The agreed issues were:
- Did Carry sufficiently destroy the will?
- Did Carry authorise her solicitor to complete the destruction of acquiesce in the same?
- Did Carry have the requisite intention to destroy the will?
- If the will was revoked, did Carry have the mental capacity to do so?
Section 20 of the Wills Act 1837 defines as “the burning, tearing, or otherwise destroying the same by the testator, or by some person in his presence and by his direction, with the intention of revoking the same.” There are two elements: the destruction of the will itself; and, the intention to revoke the will.
The same level of testamentary capacity to make a will is required to revoke a will. Further information about the applicable test can be found here - Contesting a will on the grounds of mental capacity.
Did Carry sufficiently destroy the will?
Deputy Master Linwood concluded that Carry’s solicitor gave clear evidence as to the destruction and the circumstances at the time. Carry was told that to stop the claimants from benefitting from her estate, she could tear up the will, which she proceeded to do. She was, however, only able to get three quarters of the way through. Carry did sufficiently destroy the will was it was torn as she intended.
Deputy Master Linwood found that the tearing had to be complete for the will. Accordingly, if the answer to issue (b) was that Carry did not authorise her solicitor to complete the destruction, the will would not have been revoked.
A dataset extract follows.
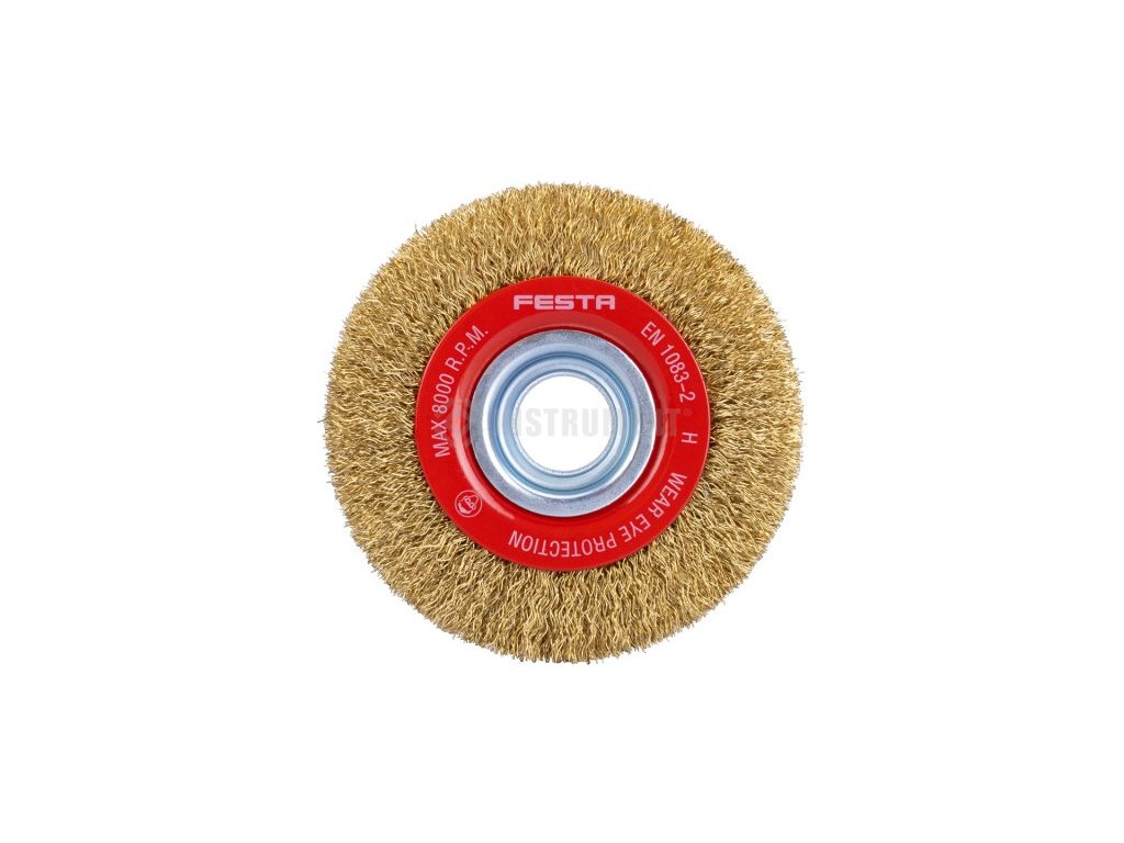 Rotační kartáč - okružní, provedení : vlnitý drát, kartáče FESTA zaručují kvalitní použité materiály i zpracování, drát 0,3mm - pomosazený, průměr 100mm, uchycení otvor 20mm (včetně redukčních kroužků 12,5 a 16 mm), počet drátů 3000, délka drátů 22 mm, maximální otáčky za min

However, this was not the case.
Did Carry authorise her solicitor to complete the destruction of acquiesce in the same?
The Court found that when Carry could not rip the will any further, her solicitor looked at her and asked if she could help with the remainder to which Carry nodded. The solicitor placed her hands on Carry’s and helped her to complete the tearing. The arguments from the respective parties focused on whether non-verbal communications, such as Carry’s nod, were sufficient authority. Deputy Master Linwood concluded that someone who can speak should not be prevented from positively communicating in a non-verbal way and that Carry had given a positive communication rather than mere acquiescence.
Carry did properly authorise her solicitor complete the destruction of the will.
Did Carry have the requisite intention to destroy the will?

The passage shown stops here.